閑静な住宅街に初夏の日差しが照りつけていた。

平和な、庶民の安寧の地。

 

───────その場所に全く不釣り合いな戦闘員の集団がいなければの話だが。

 

 

「フンフ班長、どうされましたか」

 

声をかけられた、名前は覚えていないがとりあえず男、顔から見て男2だったか。

 

「いんや、なんでもない……行くか」

 

今回の任務は、とある家系の抹消。

そこそこの一族を消すには相応の人手がいる、いつもならその統率に隊長であるツヴァイが立つところであり、一般人を手にかけるような作戦は受けないのだが。

 

「巡り合わせが悪いことだな」

 

大規模テロの鎮圧のため、ツヴァイはそちらに行かざるを得なくなった。

 

いつもなら断るような作戦の、その上指揮を彼に頼みこまれ、仕方なくこの立場となり今に至る。

 

「記憶処理班は周辺の記憶処理を開始、今から執行部隊が突入する」

 

無線でそう告げる、これは今から入る家の住民の死刑宣告に等しい。

一般人とはいえ、任務である以上手加減はしない。

 

玄関の扉を開き、中に入る。

静かだが、たしかに人の気配を肌に感じた。

 

「……見つけ次第殺せ、痕跡はいくら残してもクリーナーがやってくれる」

 

後ろに付いている2人に告げ、1人は2階に向かい、1人は玄関を見張る、1階を回るのは俺の役目だった。

 

伸びる廊下の先にあった扉を押し開ける、キッチンのようだ。

流し台に時代遅れのガスコンロ、冷蔵庫は少し新しめか。

 

しっかりと扉を閉め、扉の前に足元にあったゴミ箱をずらしておく。

 

足を進め、食卓の下を覗き、戸棚の中に至るまで調べあげる。

 

「……いないか」

 

2分ほど探して姿を掴めない、そう呟くと壁を向き、無線に向けて話しかける。

 

───────ゴミ箱がずれる音がした。

 

「浅はかだったな」

 

躊躇なく引き金を引く、頭に穴を開けて倒れるのはおそらくこの家に住む家族の母だろうか。

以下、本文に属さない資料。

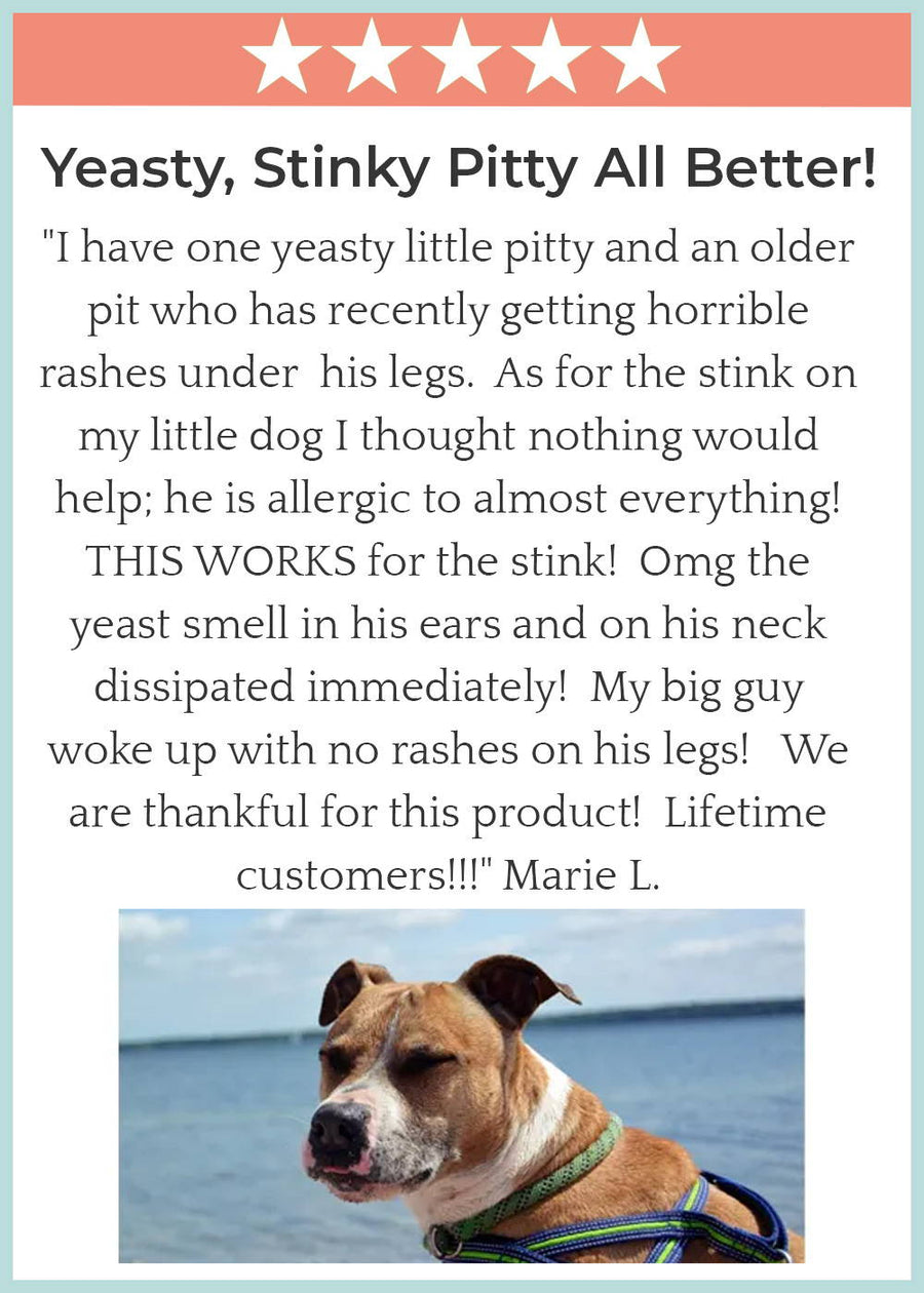 Gently eliminates odor-causing yeast and bacteria. A safe, multipurpose solution your furry friend will love!
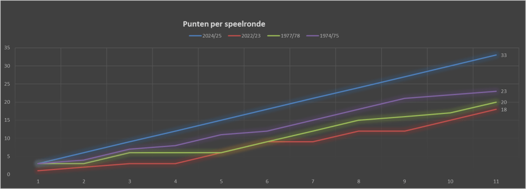 We zijn nog niet eens halverwege maar een puntenrecord in de vierde klasse lijkt een kwestie van tijd te zijn. De 46 punten die de selectie in 1975 het kampioenschap opleverden zullen in het jubileumjaar overtroffen gaan worden. Twee seizoenen terug eindigde de selectie op veertig punten maar had na elf speelronden pas 18 punten bij elkaar gespeeld.
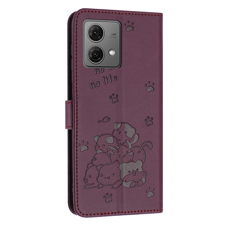 Funda de Cuero Motorola Moto G84 con Diseño de Gatito En Relieve y Cordón (Rojo Vino)
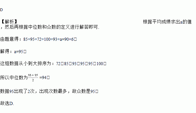 在《数据的分析》章节测试中,“勇往直前”学习小组6位同学的平均成绩是90,其个人成绩分别是85,95,72,100,93,a,则这组数据的中位数和众数分别是( )
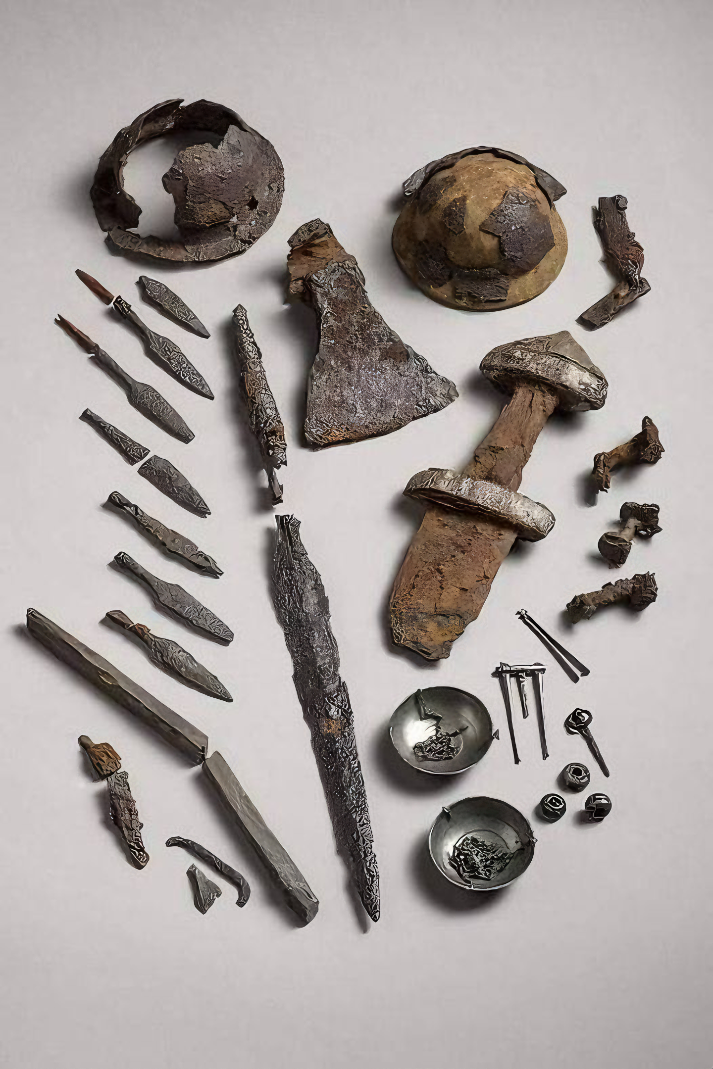 📷 : Bowls, swords, pearls – all are traces of a trading post in the Viking Age. The three balls in the lower left corner are silver buttons, which the archaeologists believe come from the British Isles. (📷© Åge Hojem)
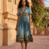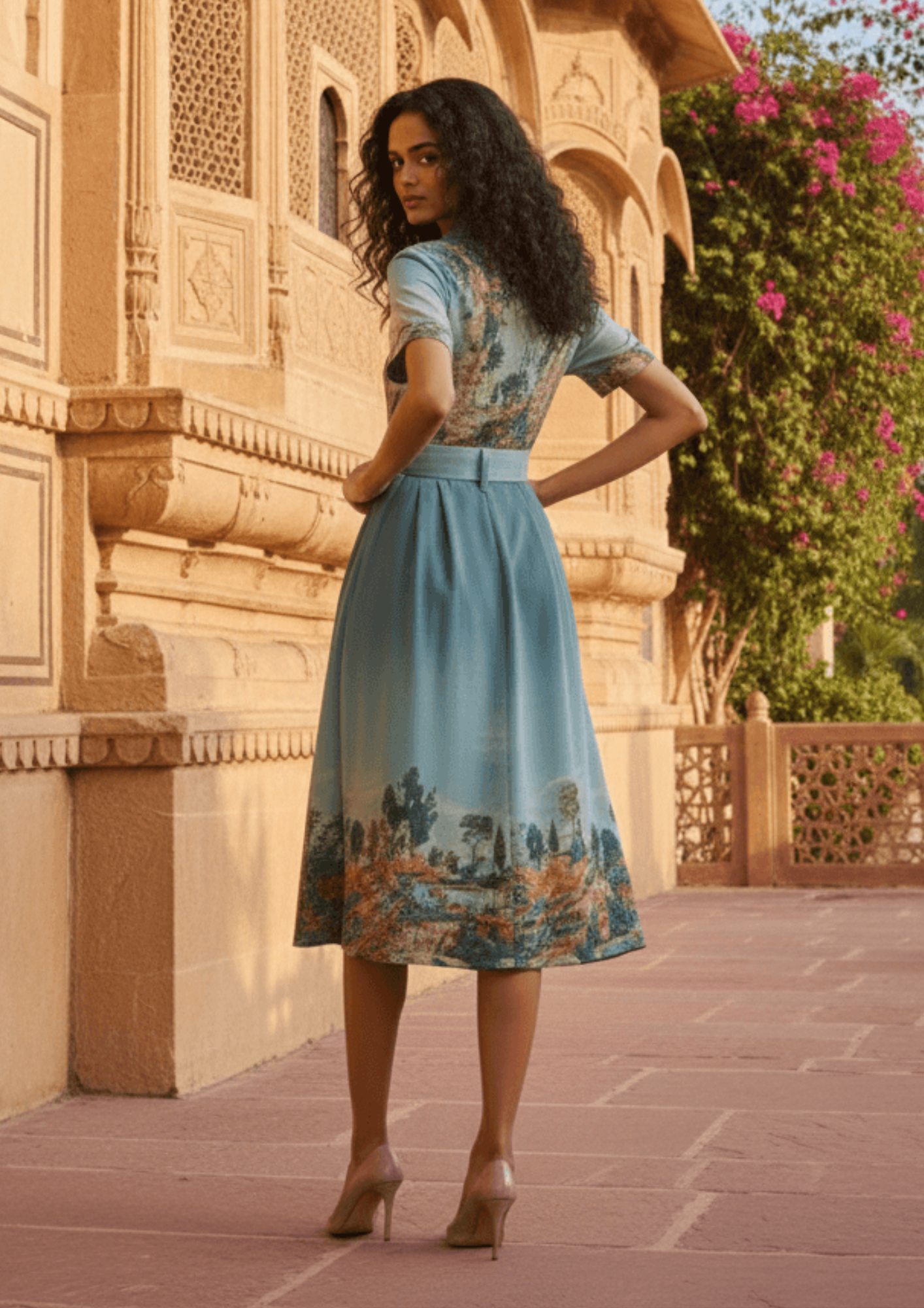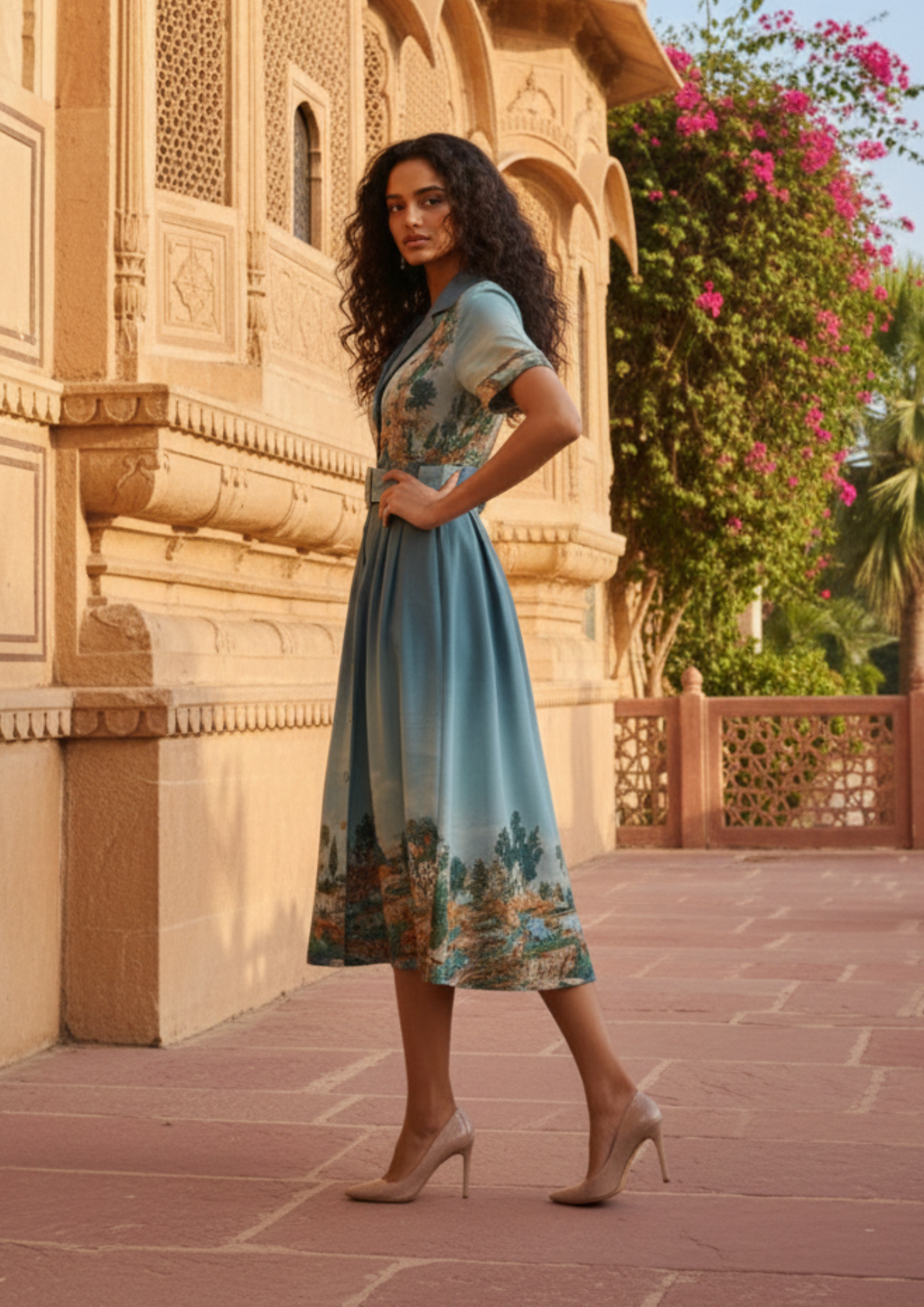 Notch Collar Midi Dress in Teal Blue Scenic Tuscany Print Crepe Dress with Belted Waist & Button Down Front Elegant Women’s Day to Evening Outfit
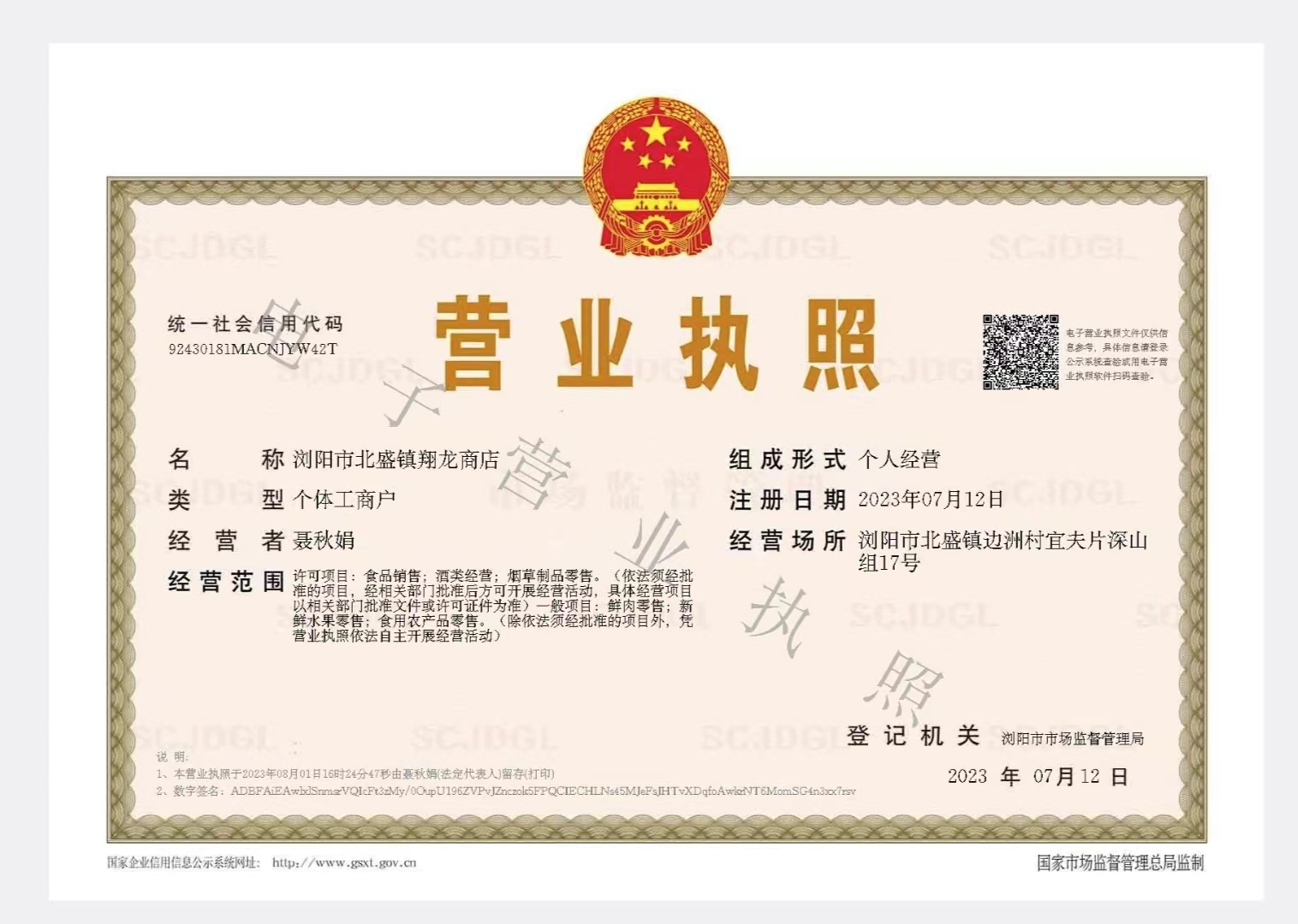 浏阳市北盛镇翔龙商店

 これ見よがしに目線をそらし、無線をかけるふりをしたのはこのためだ。

間もなく2階からも銃声が聞こえてきて、ここで自分がやるべき事は終えたと知る。

 

「A地点フンフ班担当タスク完了、クリーナーを要請する」

 

無線を切り、生気の抜けた瞳で虚空を見つめる死体に歩み寄る。

驚愕と恐怖に見開かれた瞼をそっと閉じて、俺は言った。

 

「……その御魂の良き輪廻を」

 

 

 

「フンフ、まずはありがとう、感謝している……そして無理を言ってすまないな」

 

PSEF本部、隊長の部屋には俺とツヴァイしかいない。

黒い絨毯が敷かれた部屋にはそれらしい盾やトロフィー、証書などが誇らしげに置かれている。

 

「……それより、あの作戦にはなんの意味があるのか俺はまだ聞いてない、話してくれよ隊長」

 

ツヴァイに問いかけると、テーブルに置かれたコーヒーを喉に通す。

熱い液体が思考を冷ます、問いかけに対し歴戦の兵士は顔に張り付いた笑みを剥がし、幾ばくか考える素振りを見せて言った。

 

「……わからない、というのが答えでは不服か?」

 

「もちろんだとも、みたところなんの害もない一般人を殺した挙句、その一族の存在を消し去るとは……遂にそこまで堕ちたのか、ツヴァイ」

 

もっとも、作戦の殆どは国の指示なのでツヴァイにこれを言うのはお門違いだ。

しかし、あの一族にはなんの特異な点は見当たらなかった。

……ただ一点を除いて。

 

「言われなくとも、俺は地獄に堕ちるだろうよ……それでフンフ、お前のことだ、もう“娘”のことは知っているんだろう?」

 

あの一族の娘は大規模テロ“事案54N”で唯一無事に生存した。

 

「なにかの偶然だと俺は思いたいがな」

 

秀才な彼女は飛び級コースの優等生、そこそこの稼ぎがある一家の一人娘だった彼女は、両親の寵愛ですくすくと育った。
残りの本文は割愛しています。